__Try it__
Copy every entry below exactly, and keep out the pictures.

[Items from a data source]
- - -

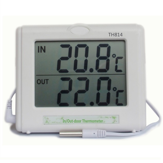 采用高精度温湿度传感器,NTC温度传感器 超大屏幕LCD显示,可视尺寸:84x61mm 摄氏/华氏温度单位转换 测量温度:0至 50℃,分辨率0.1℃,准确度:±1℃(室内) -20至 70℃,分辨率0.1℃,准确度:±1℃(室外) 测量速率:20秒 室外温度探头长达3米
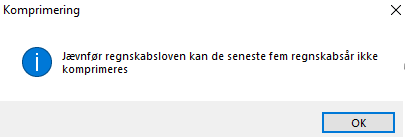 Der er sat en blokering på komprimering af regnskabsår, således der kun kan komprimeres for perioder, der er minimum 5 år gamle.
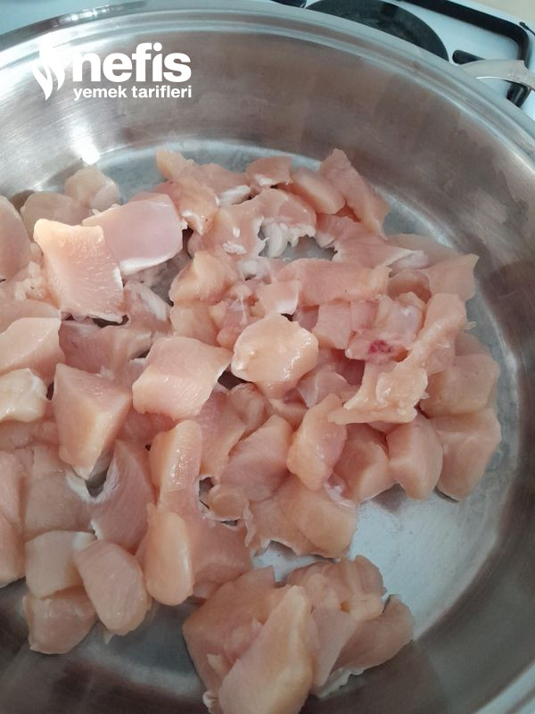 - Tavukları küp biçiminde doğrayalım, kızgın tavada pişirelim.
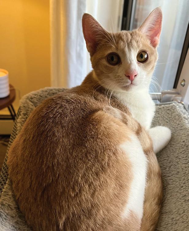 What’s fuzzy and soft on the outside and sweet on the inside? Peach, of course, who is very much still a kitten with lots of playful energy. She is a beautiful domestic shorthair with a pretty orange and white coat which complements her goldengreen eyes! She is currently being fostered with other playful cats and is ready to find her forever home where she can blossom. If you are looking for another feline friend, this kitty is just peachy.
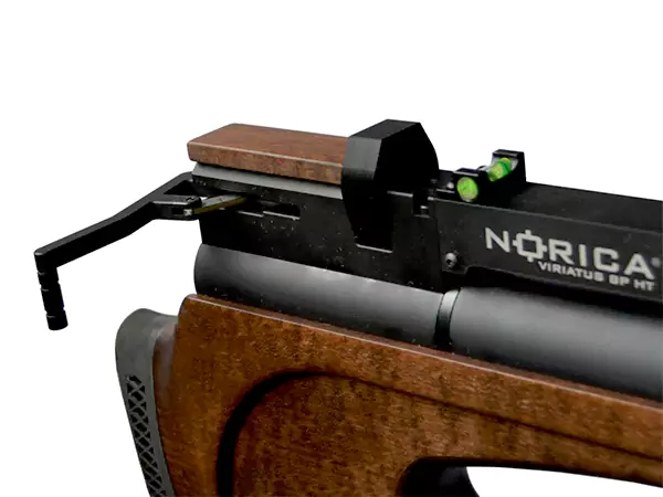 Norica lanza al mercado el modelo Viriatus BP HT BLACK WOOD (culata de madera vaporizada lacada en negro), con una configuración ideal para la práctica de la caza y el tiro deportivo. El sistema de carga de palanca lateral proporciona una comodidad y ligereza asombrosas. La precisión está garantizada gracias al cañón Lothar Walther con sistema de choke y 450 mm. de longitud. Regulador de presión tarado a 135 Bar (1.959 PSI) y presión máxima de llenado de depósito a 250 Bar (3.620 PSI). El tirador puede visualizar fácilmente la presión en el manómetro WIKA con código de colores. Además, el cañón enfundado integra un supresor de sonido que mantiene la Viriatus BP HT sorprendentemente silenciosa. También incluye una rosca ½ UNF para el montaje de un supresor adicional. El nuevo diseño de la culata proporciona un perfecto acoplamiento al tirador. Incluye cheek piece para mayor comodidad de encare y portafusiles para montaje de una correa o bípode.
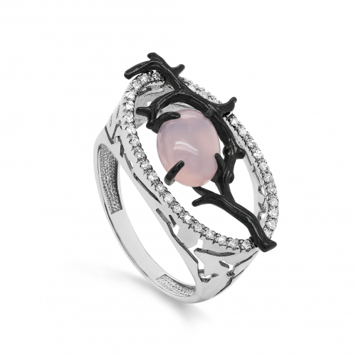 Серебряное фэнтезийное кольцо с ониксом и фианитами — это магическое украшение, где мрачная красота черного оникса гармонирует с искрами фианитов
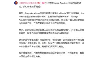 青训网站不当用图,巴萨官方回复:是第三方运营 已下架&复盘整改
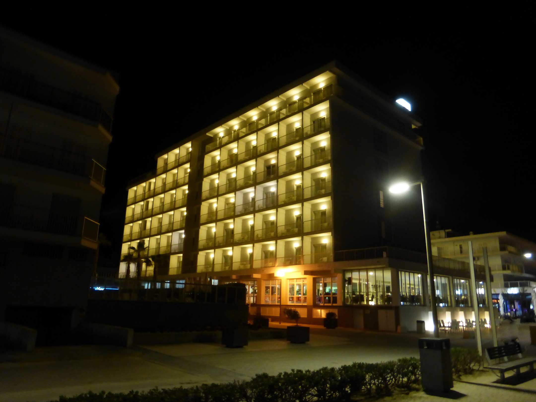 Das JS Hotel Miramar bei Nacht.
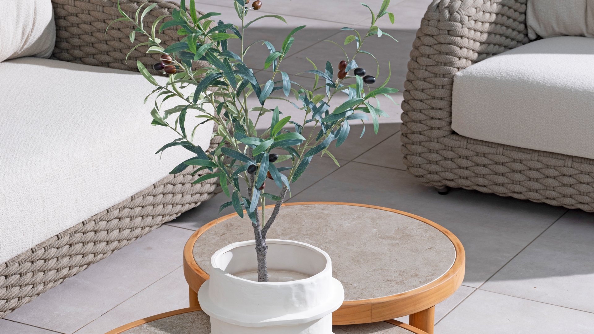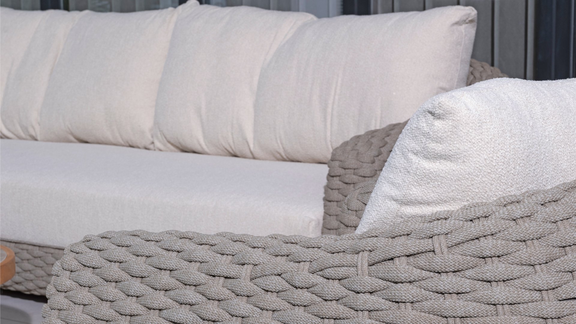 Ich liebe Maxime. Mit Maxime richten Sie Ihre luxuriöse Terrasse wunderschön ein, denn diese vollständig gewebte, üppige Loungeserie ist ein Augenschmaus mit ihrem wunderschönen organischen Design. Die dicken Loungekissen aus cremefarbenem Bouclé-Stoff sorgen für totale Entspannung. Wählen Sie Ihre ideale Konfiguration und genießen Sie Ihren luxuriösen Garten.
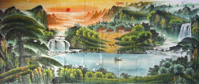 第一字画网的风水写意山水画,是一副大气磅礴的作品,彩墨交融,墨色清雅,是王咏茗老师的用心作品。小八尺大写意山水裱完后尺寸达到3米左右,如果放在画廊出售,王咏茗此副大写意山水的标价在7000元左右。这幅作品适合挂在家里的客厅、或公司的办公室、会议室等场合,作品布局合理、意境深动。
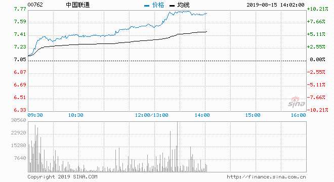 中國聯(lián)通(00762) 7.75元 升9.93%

- - -

__Written answer__
 采用高精度温湿度传感器,NTC温度传感器 超大屏幕LCD显示,可视尺寸:84x61mm 摄氏/华氏温度单位转换 测量温度:0至 50℃,分辨率0.1℃,准确度:±1℃(室内) -20至 70℃,分辨率0.1℃,准确度:±1℃(室外) 测量速率:20秒 室外温度探头长达3米
 Der er sat en blokering på komprimering af regnskabsår, således der kun kan komprimeres for perioder, der er minimum 5 år gamle.
 - Tavukları küp biçiminde doğrayalım, kızgın tavada pişirelim.
 What’s fuzzy and soft on the outside and sweet on the inside? Peach, of course, who is very much still a kitten with lots of playful energy. She is a beautiful domestic shorthair with a pretty orange and white coat which complements her goldengreen eyes! She is currently being fostered with other playful cats and is ready to find her forever home where she can blossom. If you are looking for another feline friend, this kitty is just peachy.
 Norica lanza al mercado el modelo Viriatus BP HT BLACK WOOD (culata de madera vaporizada lacada en negro), con una configuración ideal para la práctica de la caza y el tiro deportivo. El sistema de carga de palanca lateral proporciona una comodidad y ligereza asombrosas. La precisión está garantizada gracias al cañón Lothar Walther con sistema de choke y 450 mm. de longitud. Regulador de presión tarado a 135 Bar (1.959 PSI) y presión máxima de llenado de depósito a 250 Bar (3.620 PSI). El tirador puede visualizar fácilmente la presión en el manómetro WIKA con código de colores. Además, el cañón enfundado integra un supresor de sonido que mantiene la Viriatus BP HT sorprendentemente silenciosa. También incluye una rosca ½ UNF para el montaje de un supresor adicional. El nuevo diseño de la culata proporciona un perfecto acoplamiento al tirador. Incluye cheek piece para mayor comodidad de encare y portafusiles para montaje de una correa o bípode.
 Серебряное фэнтезийное кольцо с ониксом и фианитами — это магическое украшение, где мрачная красота черного оникса гармонирует с искрами фианитов
 青训网站不当用图,巴萨官方回复:是第三方运营 已下架&复盘整改
 Das JS Hotel Miramar bei Nacht.
 Ich liebe Maxime. Mit Maxime richten Sie Ihre luxuriöse Terrasse wunderschön ein, denn diese vollständig gewebte, üppige Loungeserie ist ein Augenschmaus mit ihrem wunderschönen organischen Design. Die dicken Loungekissen aus cremefarbenem Bouclé-Stoff sorgen für totale Entspannung. Wählen Sie Ihre ideale Konfiguration und genießen Sie Ihren luxuriösen Garten.
 第一字画网的风水写意山水画,是一副大气磅礴的作品,彩墨交融,墨色清雅,是王咏茗老师的用心作品。小八尺大写意山水裱完后尺寸达到3米左右,如果放在画廊出售,王咏茗此副大写意山水的标价在7000元左右。这幅作品适合挂在家里的客厅、或公司的办公室、会议室等场合,作品布局合理、意境深动。
 中國聯(lián)通(00762) 7.75元 升9.93%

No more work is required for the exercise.